God did three things to pull me out of this pit and place me on the journey of His Way of living.
The first thing that God did was change the air around me. My job was largely indoors and I had moved away from the active lifestyle that had marked my teenage and college years. For some reason, I had signed up to be trained as a Challenge Course facilitator and the week that I was at my lowest I was suddenly pushed outside and made to use my body in active and intentional ways. I felt like I could breathe again and that I was tapping into resources that I had forgotten about. My perspective started to change. God entered those days to show me his presence.

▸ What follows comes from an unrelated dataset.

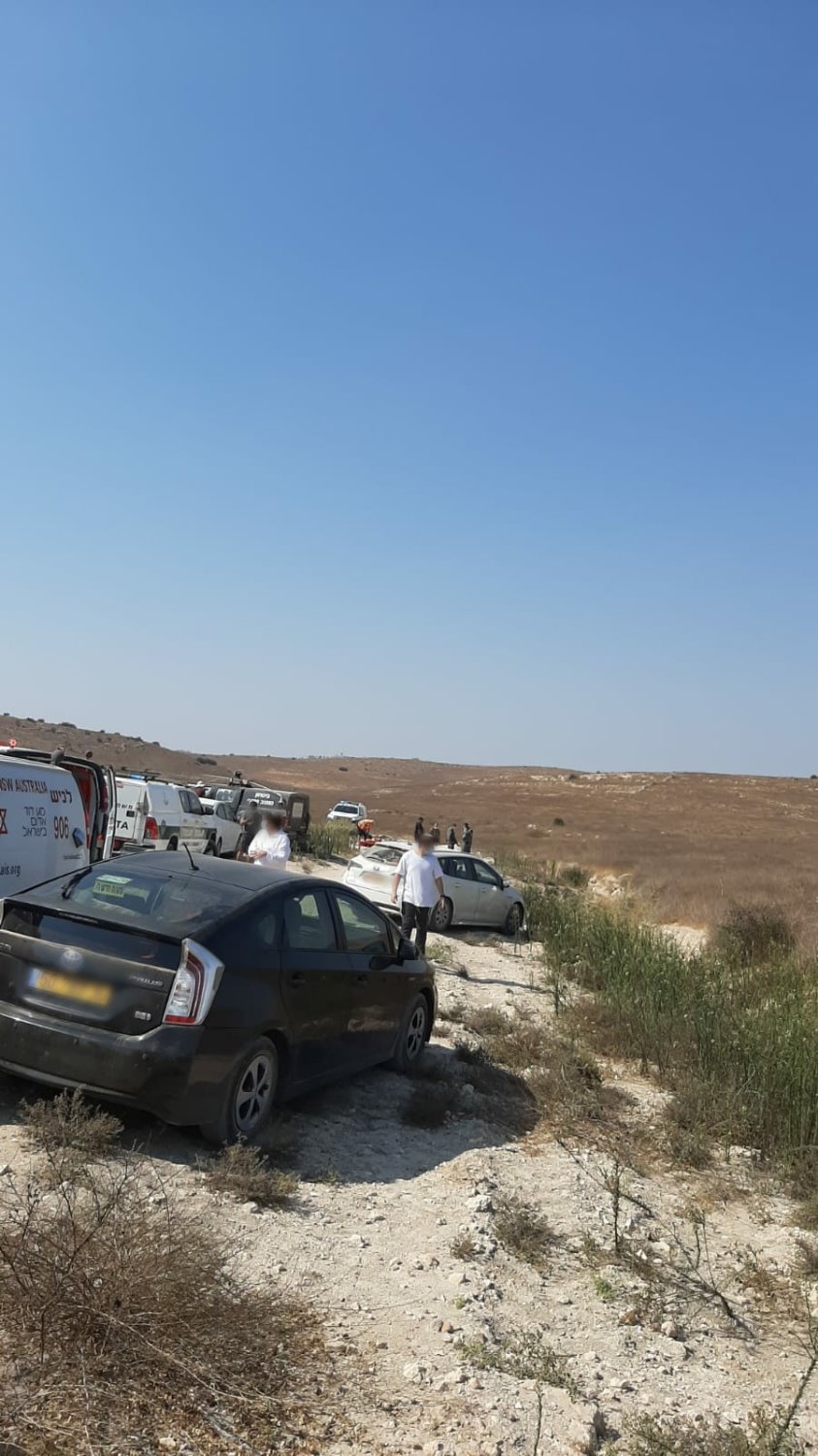 . ניר זכאי ואורי שלווה חובשים באיחוד הצלה שהעניקו סיוע רפואי ראשוני: "מדובר בטרקטורון שהתהפך לתוך ואדי, הענקנו סיוע רפואי ראשוני לשלושת הפצועים שסבלו מחבלות בכל חלקי גופם." צילום: דוברות איחוד הצלה.

The second thing that God did was change my vocation. Out of nowhere and even without all of the completed credentials, I was offered a job as a librarian. In an instant I was moved from the long nights and heavy weight of a demanding job into one that fit more my pace and my proclivities. I was no longer away from my family three nights out of the week but was home and given margin to pursue this new life with God that was growing.
The third thing that God did was give me new mentors. In a matter of days, I had found God in a new and refreshing way. I had repented of my desire to handle life on my own. I had taken myself off the throne of my life and placed Christ there and my life was changed but I still wanted more. I was hungry for a deep, rich life with Christ. I wanted a life that mattered and meant something.
I started to read many of the popular Christian books at the time and thought they were superficial and weak. I never got the sense that these authors even actually lived out many of the things they were writing about. But then I discovered Richard Foster and Dallas Willard. In them I found people that had gone deep and were deeply in love with Jesus. I wanted to have deep experiences with God like they did and I was drawn to their life with Jesus that seemed interactive, fruitful, spiritual, and holy. I discovered guides that could help me on the spiritual path that God had me on.
Everything that I write, everything that I try to teach here, and everything I hope God uses me for goes back to those moments 22 years ago. I was aimless, hopeless, stressed, hurting, and stretched too thin. God showed up and delivered me and gave me a new life and a new hope. I was not Grown Up at that moment but I was placed on the only true path to real hope and maturity. To God be the glory.